Records from a data source
====

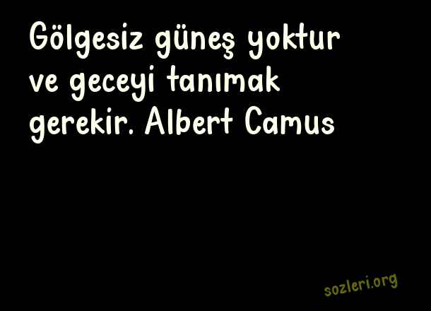 Gölgesiz güneş yoktur ve geceyi tanımak gerekir. Albert Camus ( Tanımak )
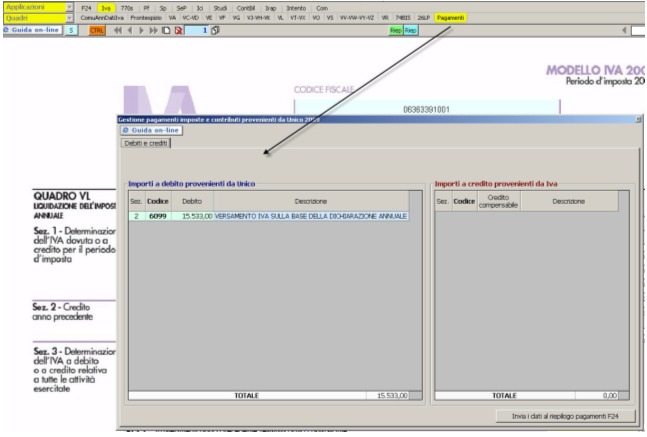 Nell’ applicazione è presenta la GESTIONE DEI PAGAMENTI DELL’IMPOSTA. In questa maschera vengono visualizzati tutti gli importi a DEBITO e a CREDITO che derivano dalla dichiarazione nella quale si sta lavorando.
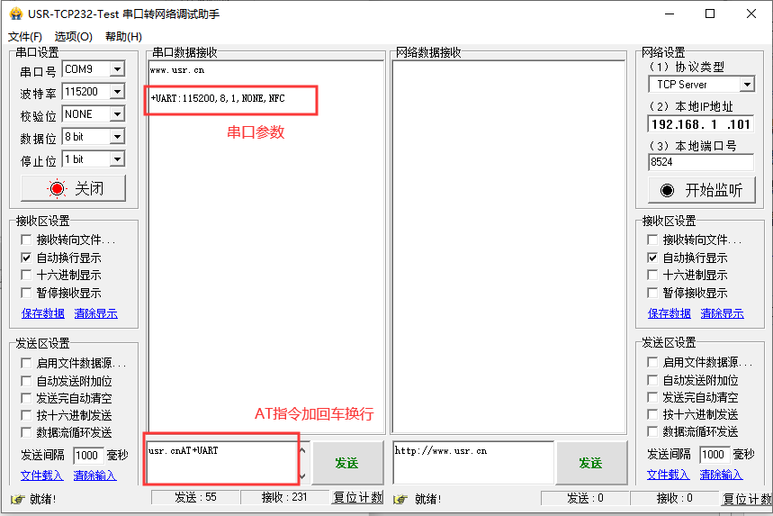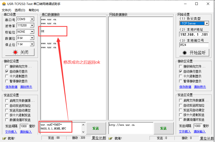 usr.cnAT+UART=9600,8,1,NONE,NFC,修改成功之后模塊會(huì)返回ok。
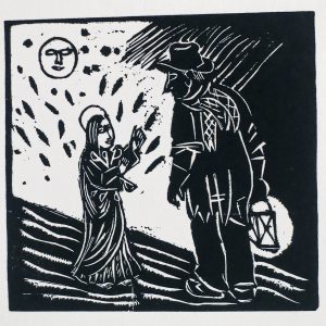(1). Marché aux puces. Pointe sèche, 15, 2 x 21 cm, sur vélin à bonnes marges, signée en bas à dr. Parue dans l'album "Aspects de Bruxelles", 1940; # Taillaert 94.-- (2). Triptyque de Noël. Bois en noir, 11,5 x 12 cm, sur papier feutré crème à bonnes marges. Tirage isolé d'un des trois bois illustrant le texte de Félix Timmermans traduit par Marie Gevers en 1935; # Taillaert 88.
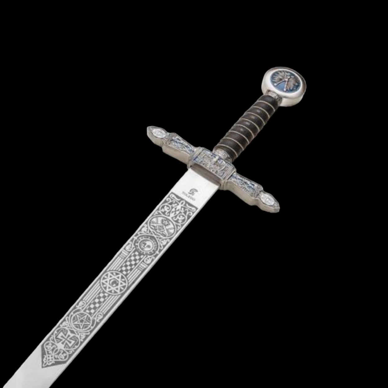 Чудовий меч був виготовлений з високої карбона, хромової толеної сталі. Дуже багато прикрашена ручка має видатну круглу голову з масонськими знаками. Ручка ручки, покрита чорною шкірою, і переплітається з латунним дротом. Масивний Джелек, багатий прикрашені прикраси, що містять масонські символи? Циркова та вуглецева мембрана означає рівновагу та абсолютні сили, а в середині зображення орла. Лезо в заставі має гравіровані символи масонства: сонце? Символ розуму та зірок? Символи знань та досконалості.
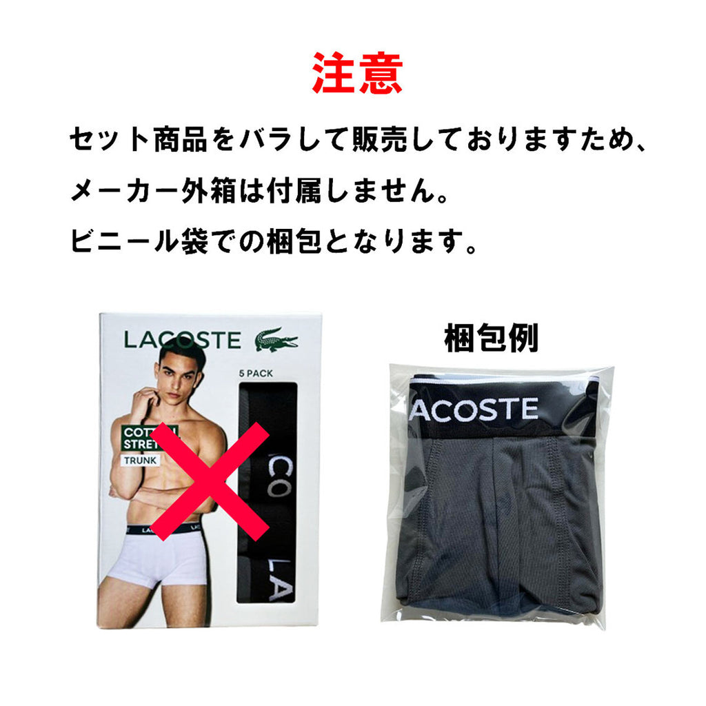 ラコステ LACOSTE 下着 ボクサーパンツ 前閉じ ストレッチ トランク ロゴ バラ売り 単品 1枚 5H1292 XB4 メンズ グレー 綿 コットン
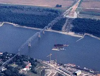 In June 1987, the Missouri Highway and Transportation Department approved design location of a new four-lane Mississippi River bridge to replace the deteriorating Cape Girardeau Bridge. In the final years of the bridge's existence, the safety of the structure was often questioned. Motorists both saw and felt the road deck shifting as they drove across the bridge. Portions of its road deck were worn down to the steel grid, to the point that the water below could be seen through small holes in the asphalt. Large chunks of rust were falling onto maintenance workers' heads, and photos circulated in the media showing the deteriorating roadway and a broken steel beam held up by a chain. In addition, inspections in 2002 resulted in the installation of clip angles for extra reinforcement.[2][3] As the bridge's rapid deterioration gained greater public attention in 2002 and 2003, traffic over it significantly decreased, resulting in a sharp drop in customers for businesses across the river in East Cape Girardeau.
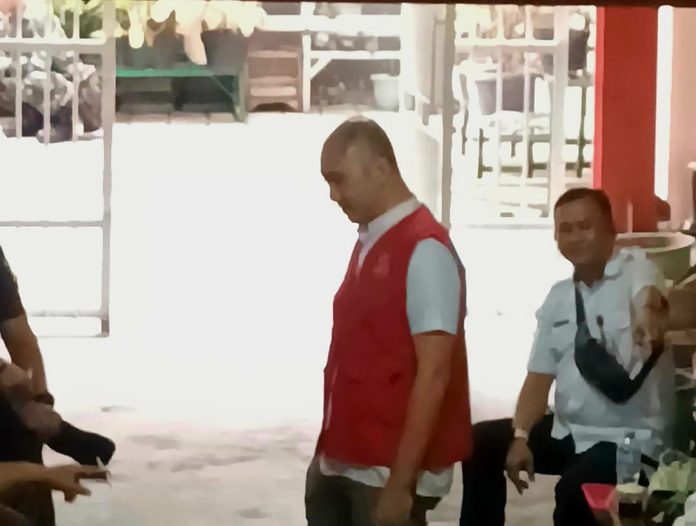 Dengan ahanan berwarna merah kejari Surabaya dan dikawal ketat oleh Jaksa Penuntut Umum (JPU), Royce digiring ke ruang sidang Sari 3 untuk menjalani sidang perdana.

====

• **Problem to solve**
Please copy out each line above exactly as written, but not the pictures.

• **Output**
 Gölgesiz güneş yoktur ve geceyi tanımak gerekir. Albert Camus ( Tanımak )
 Nell’ applicazione è presenta la GESTIONE DEI PAGAMENTI DELL’IMPOSTA. In questa maschera vengono visualizzati tutti gli importi a DEBITO e a CREDITO che derivano dalla dichiarazione nella quale si sta lavorando.
 usr.cnAT+UART=9600,8,1,NONE,NFC,修改成功之后模塊會(huì)返回ok。
(1). Marché aux puces. Pointe sèche, 15, 2 x 21 cm, sur vélin à bonnes marges, signée en bas à dr. Parue dans l'album "Aspects de Bruxelles", 1940; # Taillaert 94.-- (2). Triptyque de Noël. Bois en noir, 11,5 x 12 cm, sur papier feutré crème à bonnes marges. Tirage isolé d'un des trois bois illustrant le texte de Félix Timmermans traduit par Marie Gevers en 1935; # Taillaert 88.
 Чудовий меч був виготовлений з високої карбона, хромової толеної сталі. Дуже багато прикрашена ручка має видатну круглу голову з масонськими знаками. Ручка ручки, покрита чорною шкірою, і переплітається з латунним дротом. Масивний Джелек, багатий прикрашені прикраси, що містять масонські символи? Циркова та вуглецева мембрана означає рівновагу та абсолютні сили, а в середині зображення орла. Лезо в заставі має гравіровані символи масонства: сонце? Символ розуму та зірок? Символи знань та досконалості.
 ラコステ LACOSTE 下着 ボクサーパンツ 前閉じ ストレッチ トランク ロゴ バラ売り 単品 1枚 5H1292 XB4 メンズ グレー 綿 コットン
 In June 1987, the Missouri Highway and Transportation Department approved design location of a new four-lane Mississippi River bridge to replace the deteriorating Cape Girardeau Bridge. In the final years of the bridge's existence, the safety of the structure was often questioned. Motorists both saw and felt the road deck shifting as they drove across the bridge. Portions of its road deck were worn down to the steel grid, to the point that the water below could be seen through small holes in the asphalt. Large chunks of rust were falling onto maintenance workers' heads, and photos circulated in the media showing the deteriorating roadway and a broken steel beam held up by a chain. In addition, inspections in 2002 resulted in the installation of clip angles for extra reinforcement.[2][3] As the bridge's rapid deterioration gained greater public attention in 2002 and 2003, traffic over it significantly decreased, resulting in a sharp drop in customers for businesses across the river in East Cape Girardeau.
 Dengan ahanan berwarna merah kejari Surabaya dan dikawal ketat oleh Jaksa Penuntut Umum (JPU), Royce digiring ke ruang sidang Sari 3 untuk menjalani sidang perdana.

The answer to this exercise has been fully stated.